Associate Professor Steve Hansen, School of Computing & Information Technology, University of Western Sydney,Campbelltown Campus, PO Box 555
Campbelltown, NSW 2560 Australia, s.hansen@uws.edu.au
This paper presents both theoretical and case study work being currently carried out at the University of Western Sydney in providing an integrated online tutorial registration system. This system is integrated with the timetable system and is accessed by students and staff through an integrated teaching support infrastructure called PlatformWeb. The timetable and tutorial registration system is decentralised in the administration and management with interfaces to faculty support staff and by access at the subject coordinator level. During the year 2000, there were over 65,000 online registrations from more than 9,000 individual students across 861 subjects.
With the acceptance and availability of web interfaces to an institution's information systems, it is now possible to provide a variety of integrated services via the web to both staff and students. These services covering traditional administration tasks such as student enrolment details to providing the student/subject data for online teaching delivery. In line with this, a project called PlatformWeb was started in 1998, at the University of Western Sydney, to provide an integrated information infrastructure to support and enhance web based online teaching activities. The design and specifications for this were developed from applying a modeling of staff behaviour taken from Rogers (Rogers, 1995) on the diffusion and adoption of innovations and an institution's decision making processes for innovations. Following surveying of staff, a user-centric design was adopted that linked the enrolment, timetable, subject and course, staff and student enrolment administration systems with an internally developed online teaching delivery module. The system providing a 'one-stop-shop' interface for staff and students. The project was developed in-house and by the end of 1999 had grown to be over 30,000 line of code, was used for online teaching support by over 350 staff, and used by almost all teaching staff for associated functions (such as access to subject lists).
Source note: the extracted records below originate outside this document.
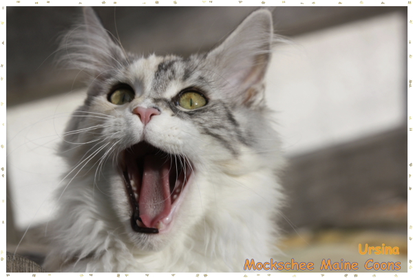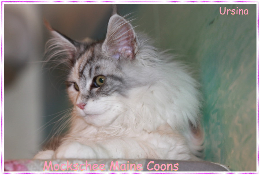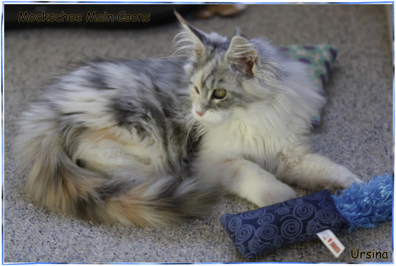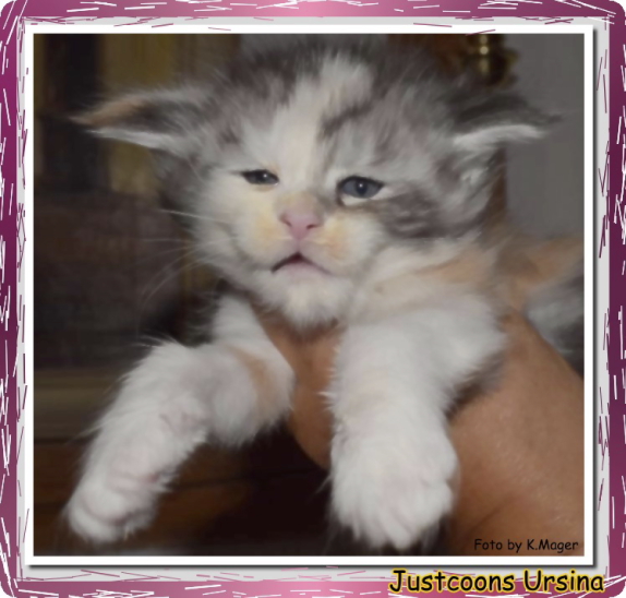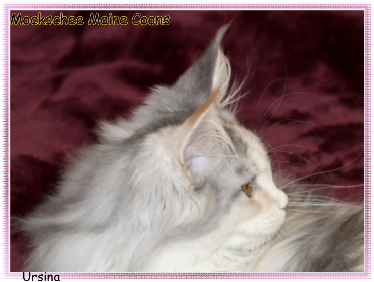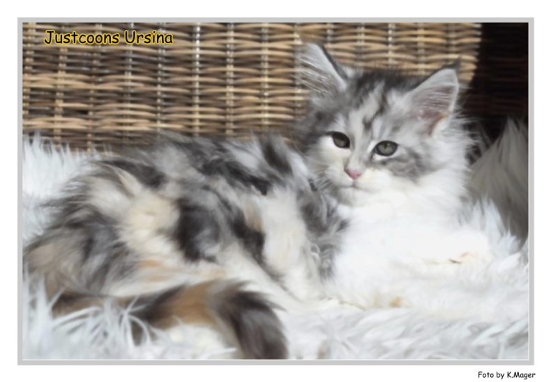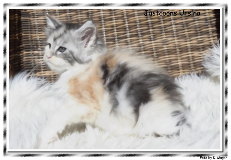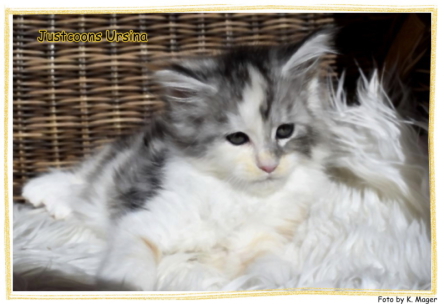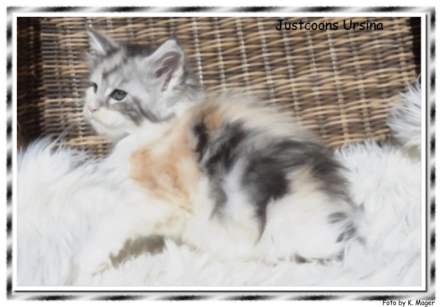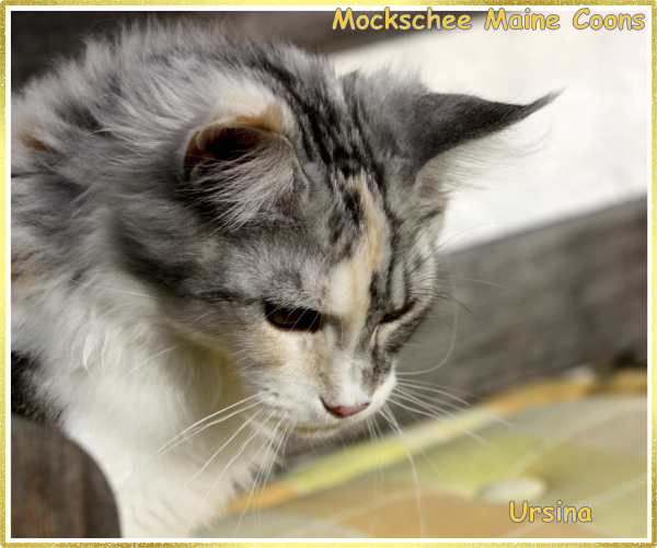Ursina heißt die kleine Bärin und der Name ist Programm! Sie ist absolut selbstbewußt und dabei vollkommen lieb. Sie bewegt sich im ganzen Hause, als wäre sie schon immer hier. Auch das Knurren und Fauchen einiger anderer Katzen ignoriert sie einfach! Sie ist sooo schmusig und läßt sich sogar gerne kämmen! Ein ganz, ganz tolles Kätzchen! Ich bin schon sehr gespannt, wie sie sich entwickeln wird. Leider ist es ja nun nichts mit dem Traum von Coonie-Babys mehr! Aber sie ist trotzdem meine Seelenkatze!
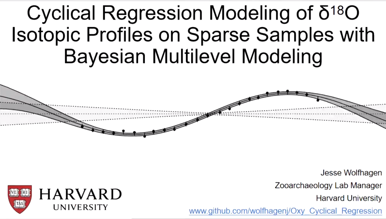 哈佛大学人类学系Jesse Wolfhagen博士带来题为《δ18O同位素周期性回归模型的贝叶斯建模》的学术报告。先前有学者对羊的牙齿进行牙釉质δ18O序列周期性回归分析,来获取羊群的出生季节以及当时环境等相关信息。然而这种传统的周期性回归模型严重依赖采样密度,而考古实践中常常受限于样本保存状态和分析成本。因此,Wolfhagen博士将贝叶斯分析应用于传统的周期性回归模型当中,引入先验分布约束参数范围(如振幅、周期、出生季节变异性),在大幅减少单颗牙齿所需样本量的同时,也能够较为精准地预测缺失的数据。模型验证采用了10只Rousay绵羊的δ18O序列数据集,稀疏采样的结果表明,即便单齿样本量低至5点,模型仍能够预测出个体的出生季节,还可以量化出生峰值的概率分布。这一方法极大拓展了δ18O分析在判断畜群出生季节分布以及重建繁殖策略等研究领域的应用潜力。
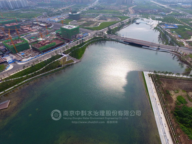 新川之心中央公園包括西區(qū)和東區(qū),西部湖區(qū)總面積約為95000m2,分為東西兩片水域,其中東湖水面面積約為60000 m2,西湖水面面積為35000 m2,常水位時(shí)平均水深約2m。由南京中科水治理股份有限公司對(duì)湖區(qū)進(jìn)行生態(tài)系統(tǒng)的構(gòu)建。
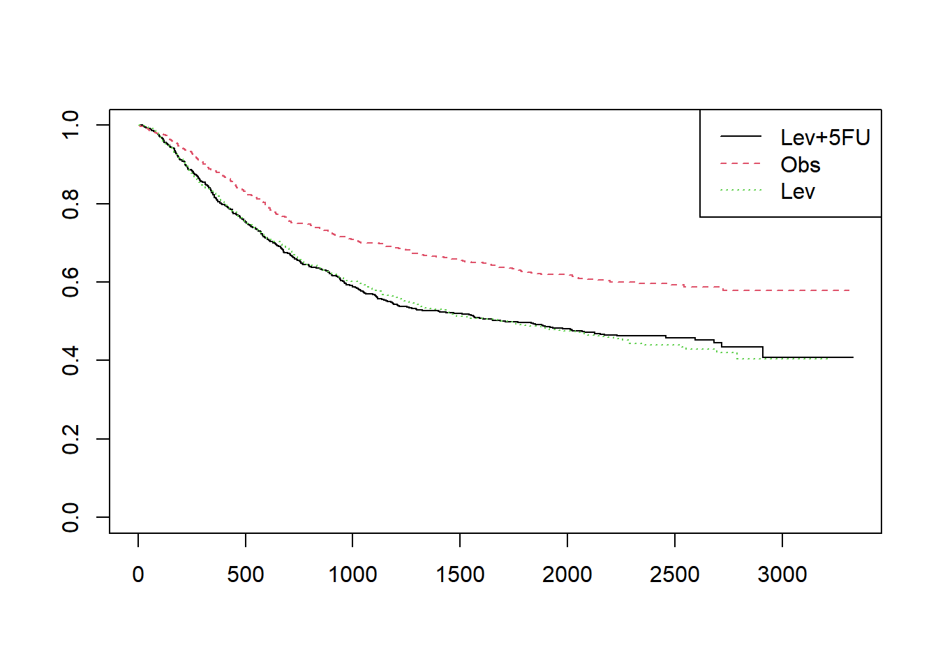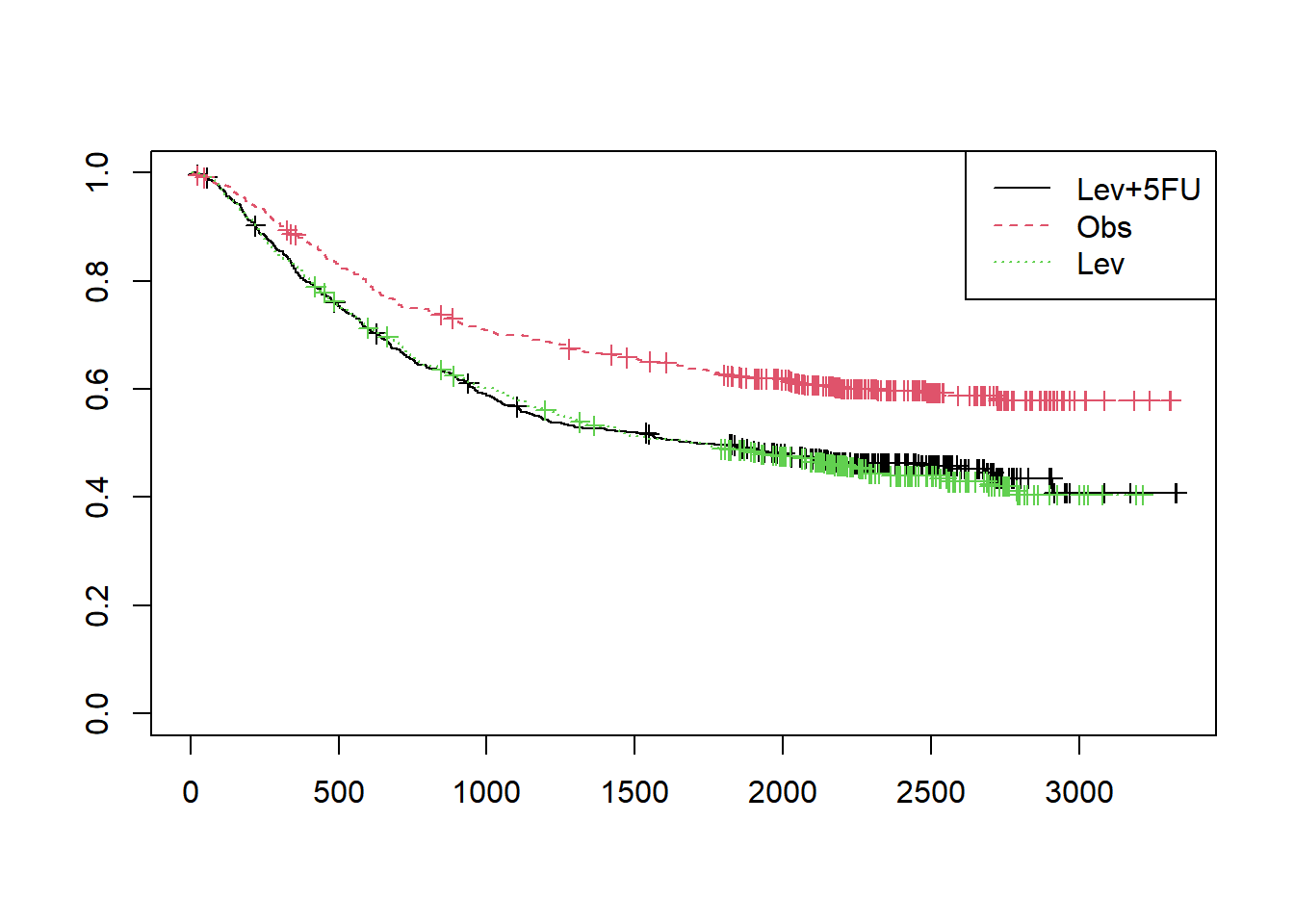 legend("topright", legend=unique(colon$rx), col=1:3, lty=1:3)
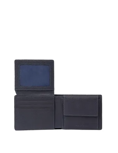 Portafogli uomo dalle dimensioni contenute della collezione Hedley di Piquadro, realizzato in pelle naturale, dotato di due comparti per banconote, fessure per carte di credito con protezione anti-frode RFID, tasca porta monete e finestra per documento.
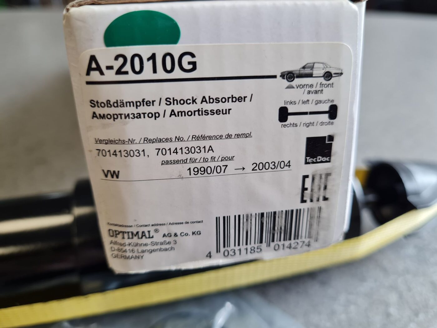 Priekšējais amortizators priekš OPTIMAL A2010G 701413031 7D0413031B ja muita ensiluokkaisia autotarvikkeita, shampoita ja sisäpuhdistustuotteita luotettavalta autotarvikeliikkeeltä, joka on erikoistunut kattavaan autonhoitoon ja -puhdistukseen.

By this stage, more than 85% of all students had at least one online subject and except for 200-300 students, the total student population of the Macarthur campus had now accessed the system.
At the end of 1999, it was decided to integrate the existing timetable system with a to-be-developed online tutorial registration system to provide integrated online administration/management with online student/staff access. Up to this time, various methods for tutorial registrations were in use, from prescriptive timetables given out by faculties, some LAN and web based allocations for collections of subjects, lists on doors, various preferential allocation systems to the 'come and we'll fix it up on the day' approach. There was a high level of dissatisfaction with these methods, most having high management and associated running costs (both time and money). Student acceptance of a web based online tutorial registration system was not seen as a problem since the students (about 8,000) had accepted the web based PlatformWeb infrastructure. However, the adoption and acceptance across a whole campus of another 'new' system by the academic and administration support staff was seen to be a potential problem in line with their past experiences. Accordingly, the design and specifications for the tutorial registration system were developed from applying the same modeling of behaviour, taken from Rogers (Rogers, 1995) as used for the PlatformWeb project. That is, a 'user-centric' and 'bottom-up' design and adoption model. This model is outlined in the following sections. Along with this model, the advantages of decentralising the management of the registration system so that the management and administrative load was taken off the central administration and distributed down to the user through the faculty support and academic staff was seen to be possible with this form of design process.
The Rogers model has the innovation-decision process being made up of phases. These phases being Knowledge, Persuasion, Decision, Implementation and Confirmation. According to this descriptive model, potential adopters of an innovation must:-
In addition, the uptake of an innovation maybe influenced by the inherent 'innovativeness' of the individual or organisational unit. The prediction being that individuals/organisations who are predisposed to being innovative will adapt an innovation earlier than those who are less predisposed. On one extreme of the distribution are the 'Innovators'. These are the risk takers and pioneers who adopt an innovation very early in the diffusion process. On the other extreme are the 'Laggards' who resist adopting an innovation until rather late in the diffusion process, if ever. The diffusion process typically following an 'S' curve as shown below.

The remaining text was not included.